Set down again each entry exactly as it reads, pictures excluded.

Records from a data source
════

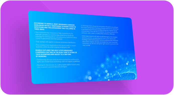 ACCORDING TO DANIELE, MOST INSURANCE CARRIERS In the longer term, insurance companies will need to reconfigure WORLDWIDE INITIALLY RESPONDED TO RISING COVID-19 for a new normal way of working. Insurers will have no option but INFECTIONS AND THE LOCKDOWNS THAT FOLLOWED IN to embrace full omni-channel relationships and digital channel THREE WAYS: orchestration. They will also accelerate the restructuring of their products, with a view to scaling their protection offerings. • They mobilized their resources to help customers by, for example, donating to communities, extending insurance Other steps insurers will take include leveraging new strategic coverage for existing policies and educating customers about sourcing options, accelerating the move to the cloud, and COVID-19 prevention and their policies. building a smart and resilient remote workforce that embraces data-driven insights. Daniele concluded that many insurance • They worked with agents to ensure continuous distribution. companies are already taking the right actions to prevail in the • They enabled their organizations for remote work to ensure ‘new normal’. business continuity while keeping employees safe. DANIELE OUTLINED TWO NEXT STEPS INSURANCE COMPANIES CAN TAKE IN THE NEAR TERM TO STABILIZE THEIR BUSINESSES AND ADJUST TO A NEW WAY OF WORKING: • Transforming the cost curve by restructuring the workforce for agility and modernizing technology with new digital capabilities. • Planning for the recovery by scaling digital platforms and using data to power customer lifecycle strategies. AN INNOVATION AGENDA FOR THE COVID-19 ERA 04
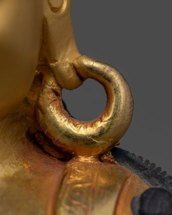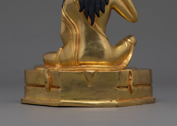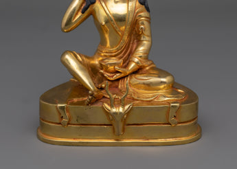 The Tibetan Jetsun Milarepa Sculpture stands at a height of 6.1 inches (15.5 cm) and has a base width of 5.7 inches (14.5 cm). This statue features a copper body that is gilded with 24K gold. The statue's surface is adorned with vibrant gold and acrylic paintings, enhancing its spiritual and artistic significance.
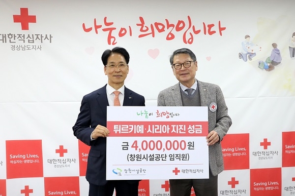 창원시설공단이 튀르키예와 시리아의 지진피해 복구를 위한 성금을 대한적십자사에 기탁했다.
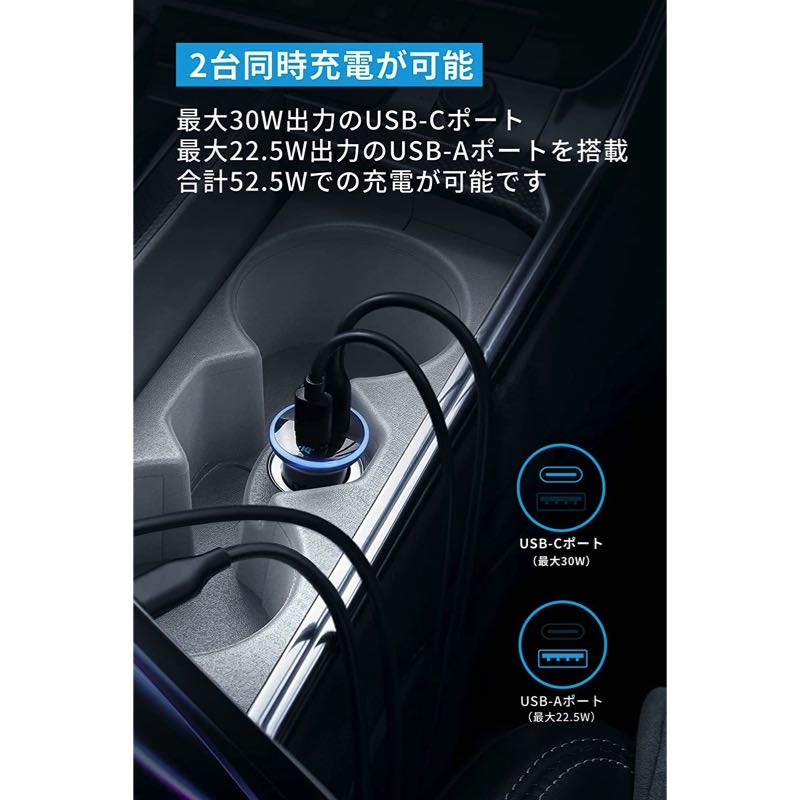 Anker 323 Car Charger (52.5W) with USB-C & USB-C ケーブル
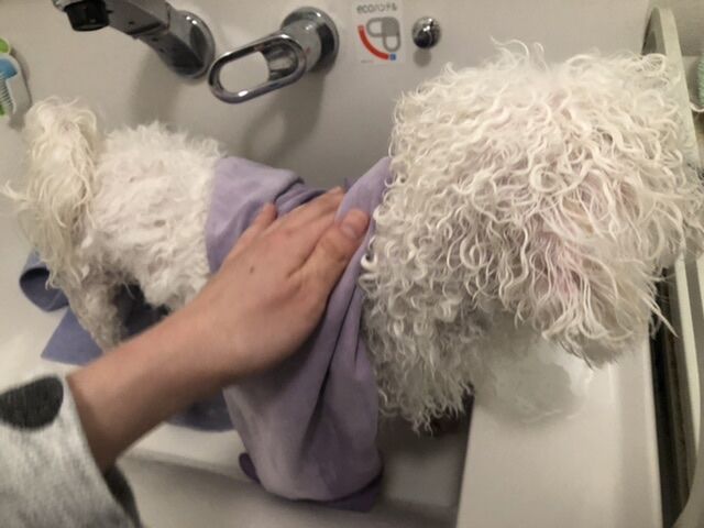 ここは手早くしないと、「ブルブルブルッッ」をされると辺り一面水浸しに
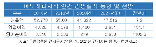증권가 컨센서스에 따르면 연간 실적발표를 앞두고 있는 아모레퍼시픽은 지난해 4조7519억원의 매출과 3634억원의 영업이익을 올릴 것으로 예상된다. 전년보다 매출은 7.2%, 영업이익은 154.1% 증가하는 것이다. 코로나19라는 위기상황 속에서도 선전했다는 평가가 지배적이다.
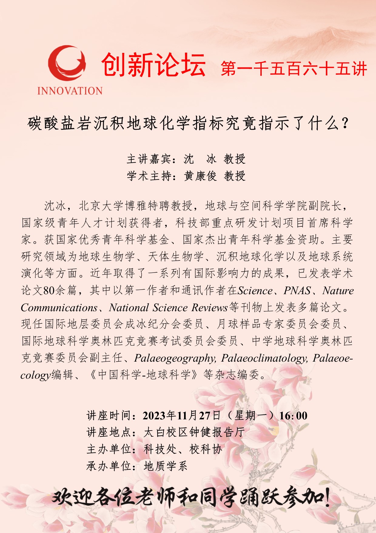 沈冰 教授 欧冠官方网站创新论坛第一千五百六十五讲:碳酸盐岩沉积地球化学指标究竟指示了什么? 讲座时间 2023年11月27日(星期一)16:00 讲座地点 太白校区钟健报告厅 讲座人介绍 沈冰 教授 讲座内容
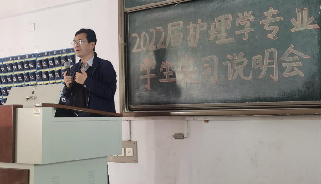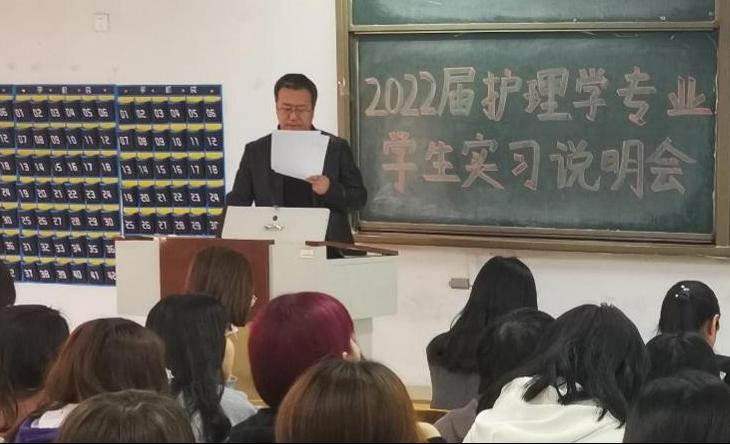 2021年4月6日下午,医药与护理公司2022届护理学专业员工实习说明会在求实楼0214教室召开。医药与护理公司副经理孙士杰、团总支负责人、护理系及基础医学部相关老师、2022届实习班班主任出席,2018级护理学本科及2019级护理专科全体同学共190余人参加了说明会。
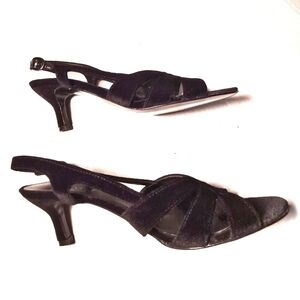 Vaneli Black Velour Heels. Real leather listed on the bottom in Italian (Vero cuoio). Gently used. Women's 8.5

════

Reply to the exercise =
 ACCORDING TO DANIELE, MOST INSURANCE CARRIERS In the longer term, insurance companies will need to reconfigure WORLDWIDE INITIALLY RESPONDED TO RISING COVID-19 for a new normal way of working. Insurers will have no option but INFECTIONS AND THE LOCKDOWNS THAT FOLLOWED IN to embrace full omni-channel relationships and digital channel THREE WAYS: orchestration. They will also accelerate the restructuring of their products, with a view to scaling their protection offerings. • They mobilized their resources to help customers by, for example, donating to communities, extending insurance Other steps insurers will take include leveraging new strategic coverage for existing policies and educating customers about sourcing options, accelerating the move to the cloud, and COVID-19 prevention and their policies. building a smart and resilient remote workforce that embraces data-driven insights. Daniele concluded that many insurance • They worked with agents to ensure continuous distribution. companies are already taking the right actions to prevail in the • They enabled their organizations for remote work to ensure ‘new normal’. business continuity while keeping employees safe. DANIELE OUTLINED TWO NEXT STEPS INSURANCE COMPANIES CAN TAKE IN THE NEAR TERM TO STABILIZE THEIR BUSINESSES AND ADJUST TO A NEW WAY OF WORKING: • Transforming the cost curve by restructuring the workforce for agility and modernizing technology with new digital capabilities. • Planning for the recovery by scaling digital platforms and using data to power customer lifecycle strategies. AN INNOVATION AGENDA FOR THE COVID-19 ERA 04
 The Tibetan Jetsun Milarepa Sculpture stands at a height of 6.1 inches (15.5 cm) and has a base width of 5.7 inches (14.5 cm). This statue features a copper body that is gilded with 24K gold. The statue's surface is adorned with vibrant gold and acrylic paintings, enhancing its spiritual and artistic significance.
 창원시설공단이 튀르키예와 시리아의 지진피해 복구를 위한 성금을 대한적십자사에 기탁했다.
 Anker 323 Car Charger (52.5W) with USB-C & USB-C ケーブル
 ここは手早くしないと、「ブルブルブルッッ」をされると辺り一面水浸しに
증권가 컨센서스에 따르면 연간 실적발표를 앞두고 있는 아모레퍼시픽은 지난해 4조7519억원의 매출과 3634억원의 영업이익을 올릴 것으로 예상된다. 전년보다 매출은 7.2%, 영업이익은 154.1% 증가하는 것이다. 코로나19라는 위기상황 속에서도 선전했다는 평가가 지배적이다.
 沈冰 教授 欧冠官方网站创新论坛第一千五百六十五讲:碳酸盐岩沉积地球化学指标究竟指示了什么? 讲座时间 2023年11月27日(星期一)16:00 讲座地点 太白校区钟健报告厅 讲座人介绍 沈冰 教授 讲座内容
 2021年4月6日下午,医药与护理公司2022届护理学专业员工实习说明会在求实楼0214教室召开。医药与护理公司副经理孙士杰、团总支负责人、护理系及基础医学部相关老师、2022届实习班班主任出席,2018级护理学本科及2019级护理专科全体同学共190余人参加了说明会。
 Vaneli Black Velour Heels. Real leather listed on the bottom in Italian (Vero cuoio). Gently used. Women's 8.5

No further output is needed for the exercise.